The silent escalation failure. The agent decides this case is too hard and escalates to a human. The escalation message goes to a queue nobody monitors. The customer waits four days. Mitigation: every escalation has a named owner, a tracked SLA, and an alert if it sits unread.

The discipline that catches all of these is observability. Every agent decision (which tool, with what inputs, returning what output) is logged with a structured schema, queryable, sampled into a review queue. The first hundred production interactions get manually reviewed. Patterns emerge: a particular input shape that consistently confuses the tool router, a particular customer segment that the agent struggles with, a particular tool whose error messages the agent does not handle. Each pattern becomes a fix, and each fix becomes a regression test in the eval set.

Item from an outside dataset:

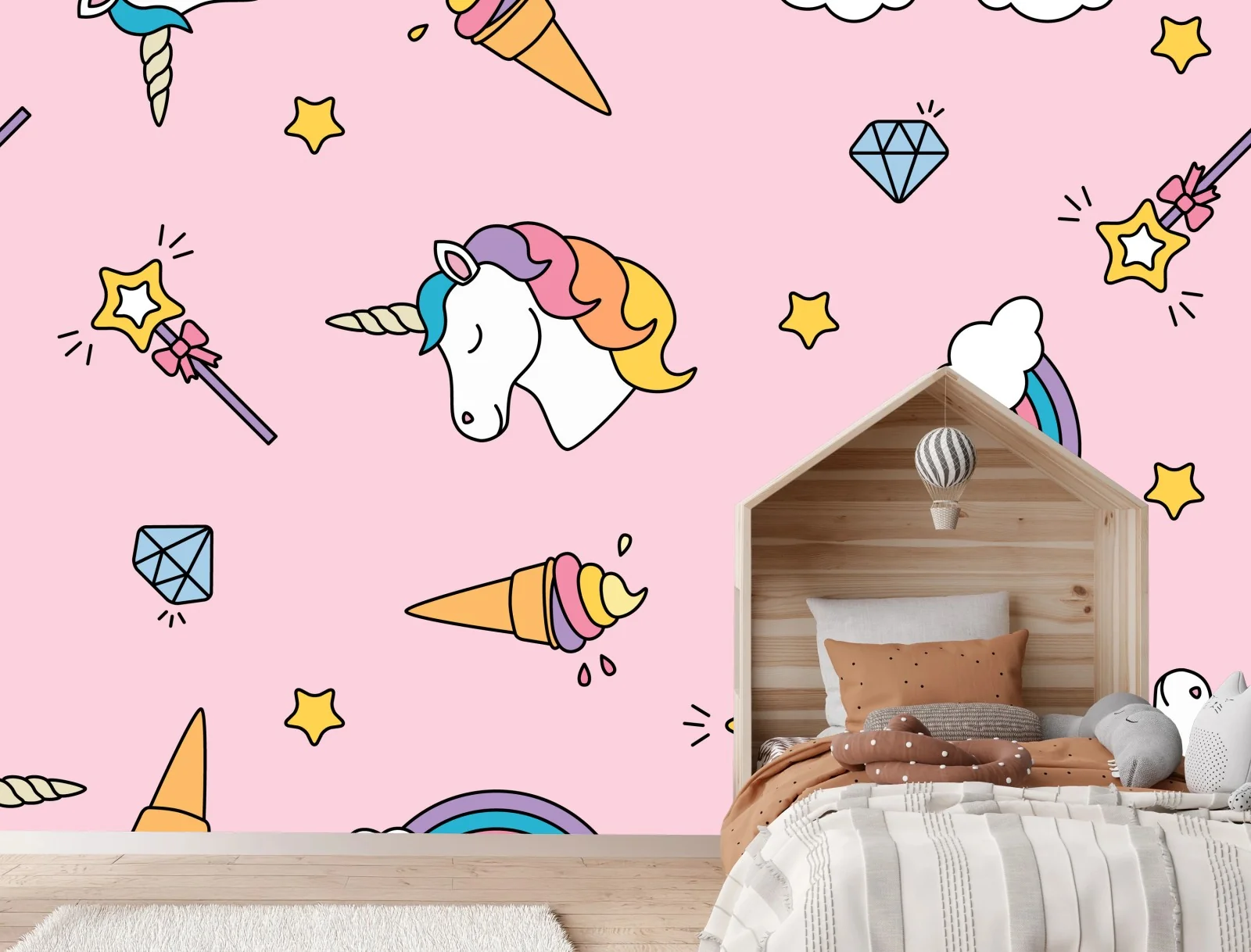 Carta da parati Motivo magico di unicorni e arcobaleni su sfondo rosa

Agentic AI is not chat-with-extra-steps. It is a software system with non-deterministic components, deployed to act on the world. The right question to ask of any production agent is not 'is it 90 percent accurate?' but 'what does it do at the 10 percent that it doesn't get right?'. The teams that ship reliable agents have answered this question concretely, in writing, before the agent goes live. The teams that haven't, ship something demoable that breaks two weeks later in ways nobody anticipated.

Put simply: the agent's ability to refuse, retry, and escalate is more important than its ability to answer. Build the failure modes first. The success path mostly takes care of itself.

// The artefact
# agents/runtime.py: every agent run sits inside a budget and a validator
def run_with_budget(agent, query: str, budget: Budget) -> AgentResult:
    for step in range(budget.max_steps):
        action = agent.decide(query)
        if not validate_tool_call(action):     # type-check before any side-effect
            return AgentResult.refuse("invalid tool args")
        if budget.tokens_used > budget.max_tokens:
            return AgentResult.escalate("budget exceeded")
        observation = run_tool(action)
        if agent.is_done(observation):
            return AgentResult.answer(observation)
    return AgentResult.escalate("step limit reached")  # never silently loops

A circuit breaker around every agent. Validate before acting, cap the spend, escalate cleanly when stuck. The 5 percent failure path matters more than the 95 percent success path.